Last month, a resident called
the city of San Luis Obispo to report her clothes were getting hot in her closet
at the Pine Creek Condominiums on Foothill Boulevard.
Inspectors found that lofts were
converted into bedrooms and 36 units had to be vacated after they were posted
for health and safety code violations.
Many of the displaced tenants are
Cal Poly and Cuesta College students.
A 2004 state law requiring owners
to pay the cost of relocation if their tenants are displaced because their units
are found to be hazardous.
But the San Luis Obispo City
Board ruled against that saying the tenants weren't necessarily displaced.

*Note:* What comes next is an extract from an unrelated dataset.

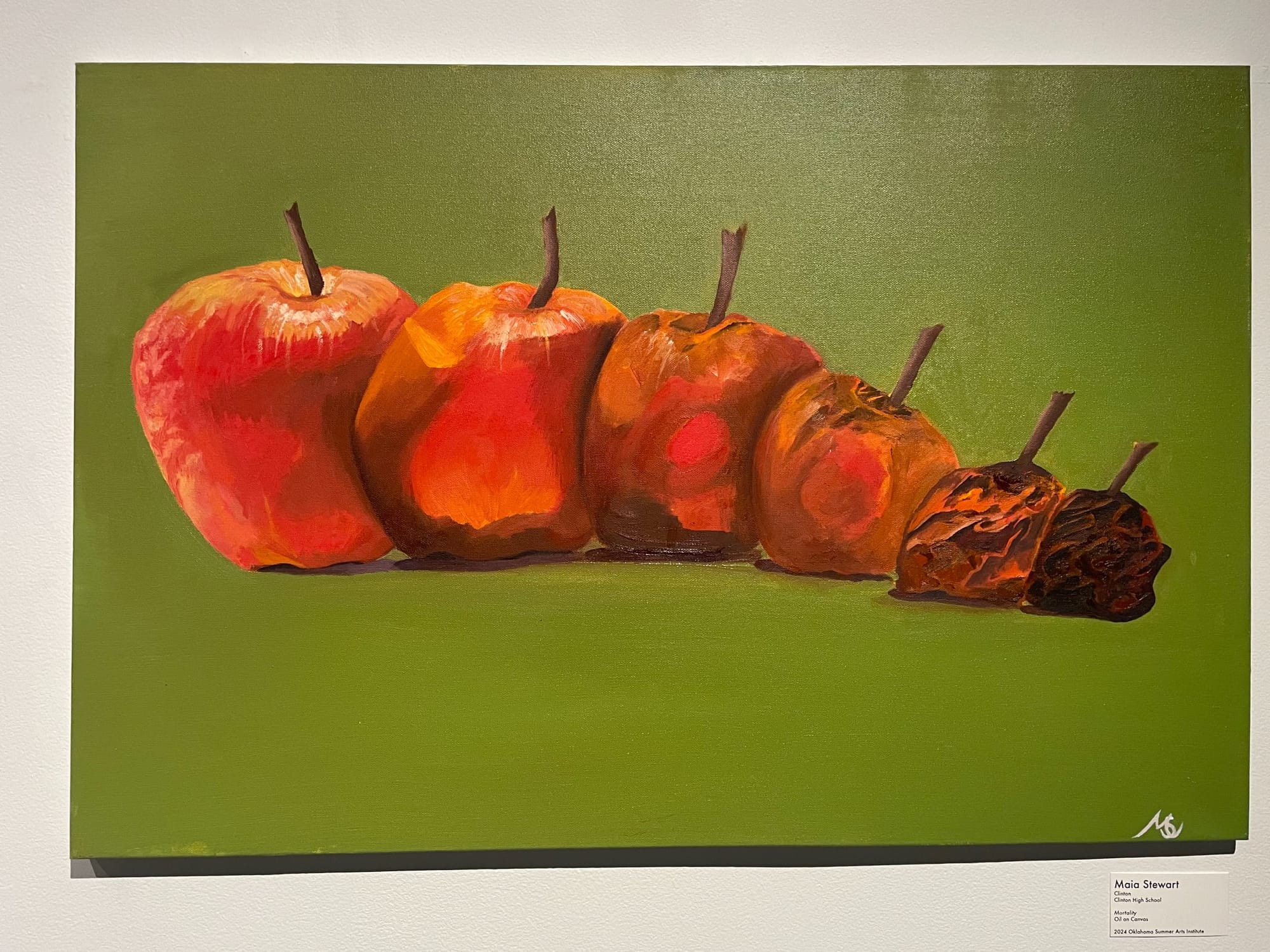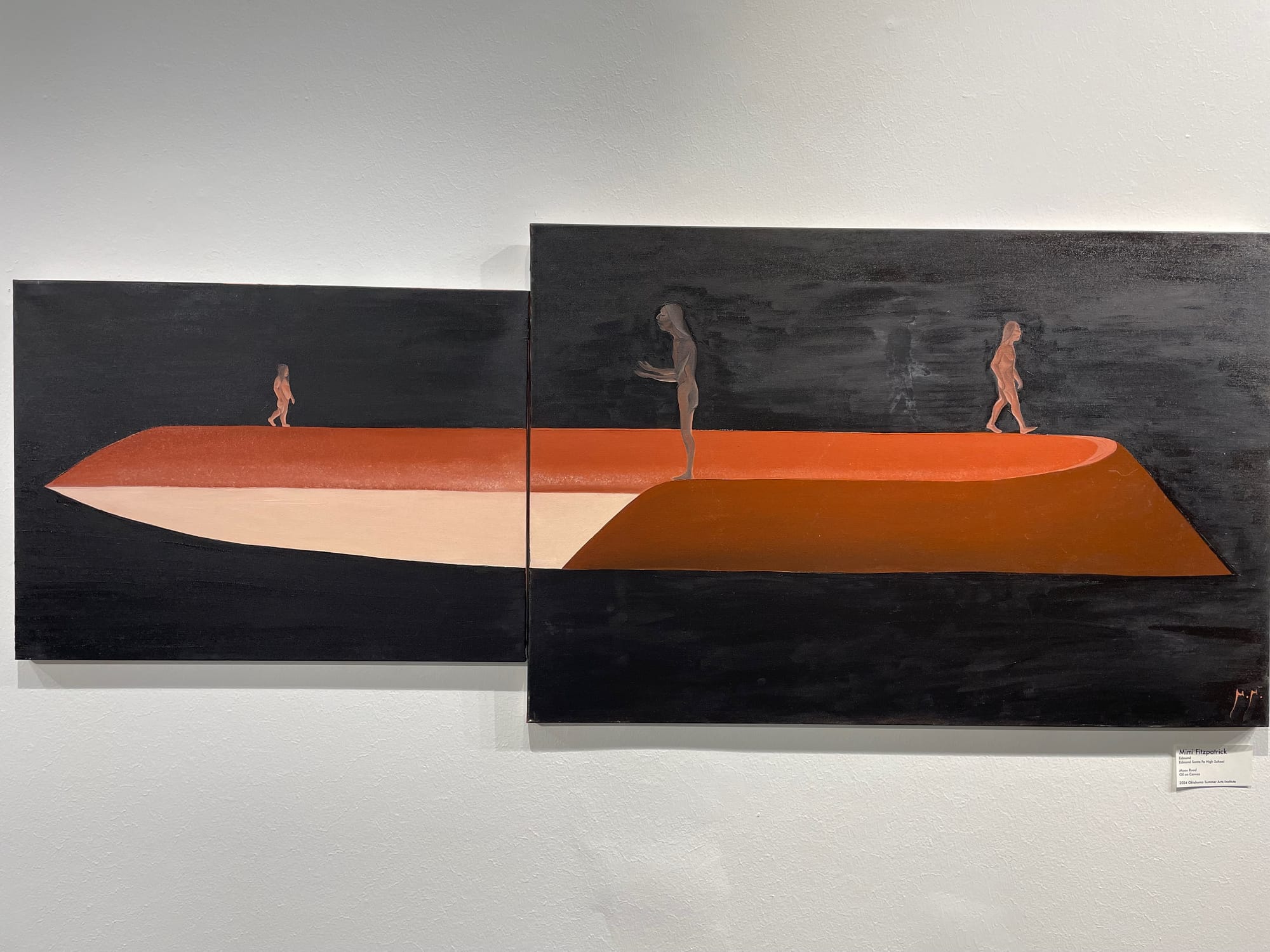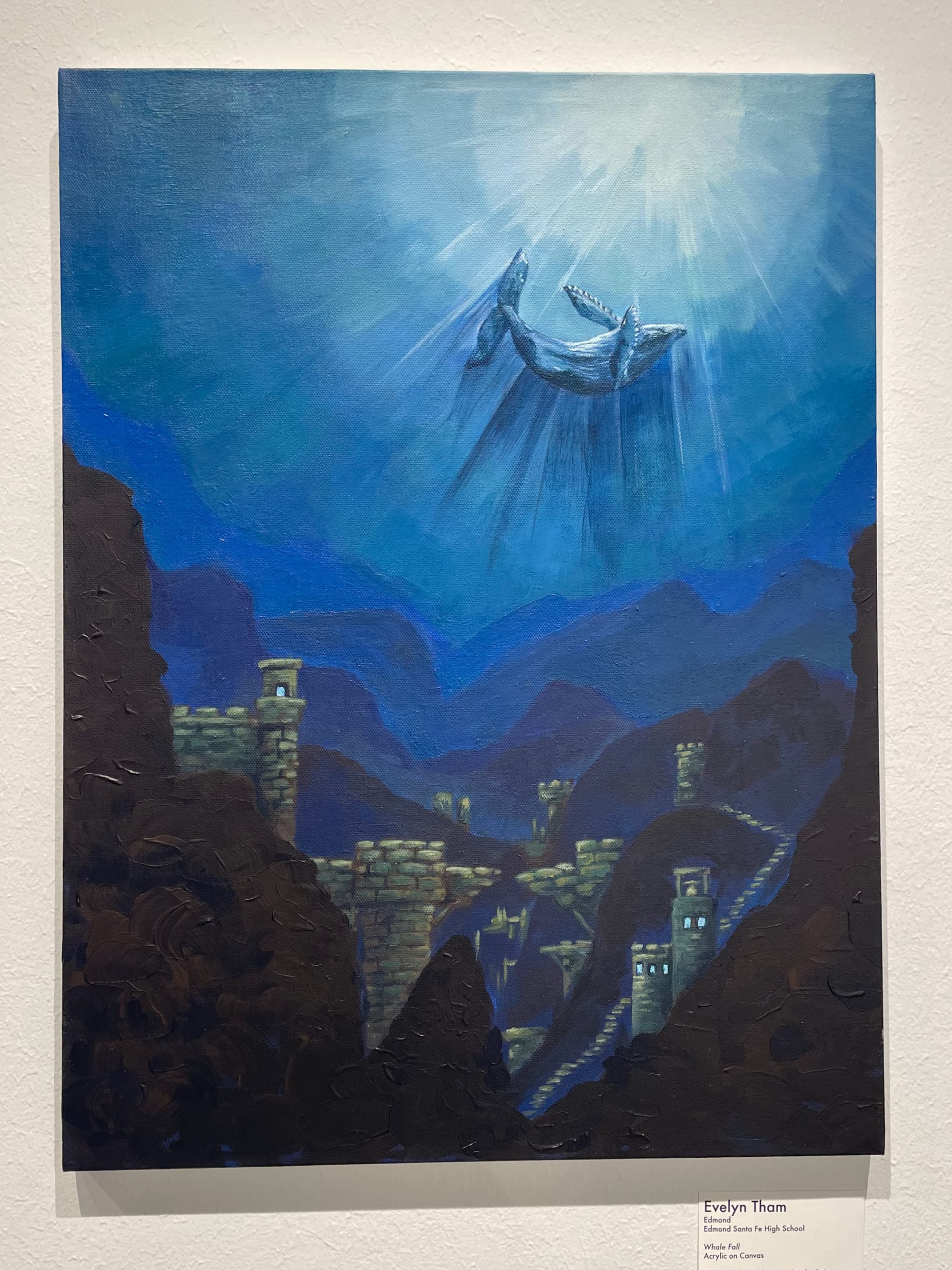 The work in the show is evocative and impressive—and it’s easy to qualify this statement by adding “especially for high school students,” but that isn’t really fair. Paintings like Moon Road by Edmond’s Mimi Fitzpatrick, Mortality by Clinton’s Maia Stewart, and Whale Fall by Edmond’s Evelyn Tham, among others, demonstrate an advanced commitment to form and nuance. They invite the eye and provide space for reflection, seeming to ask what’s missing in addition to what’s there.
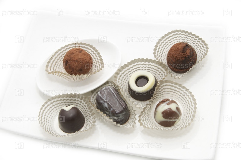 Шоколадные конфеты в бумажных юбочках, белый фон

The safety hazards in question
are the lofts within each apartment but the board says the students aren't
displaced from the entire unit.
The students can't sleep in the
lofts but can move into the bedroom portion of the apartment.
"Although they were
displaced from the loft, they didn't rent the loft as a bedroom," says San Luis
Obispo City Building Official Joseph Lease. "They didn't lease the loft as a
bedroom. The students could be relocated within the units and in some cases,
the owners renegotiated the leases with the tenants so they weren't actually
displaced from the units."
The owners now have to install
smoke and carbon monoxide detectors in the units and have until May to get
permits to either return the lofts to its original state or to add stairs and
covert the storage lofts into study lofts.
All construction must be
completed by August 31st.
The owners also have to provide
annual verification to the city that the lofts aren't being used as bedrooms in
the future.
The tenants have ten days from
the ruling to appeal the board's decision.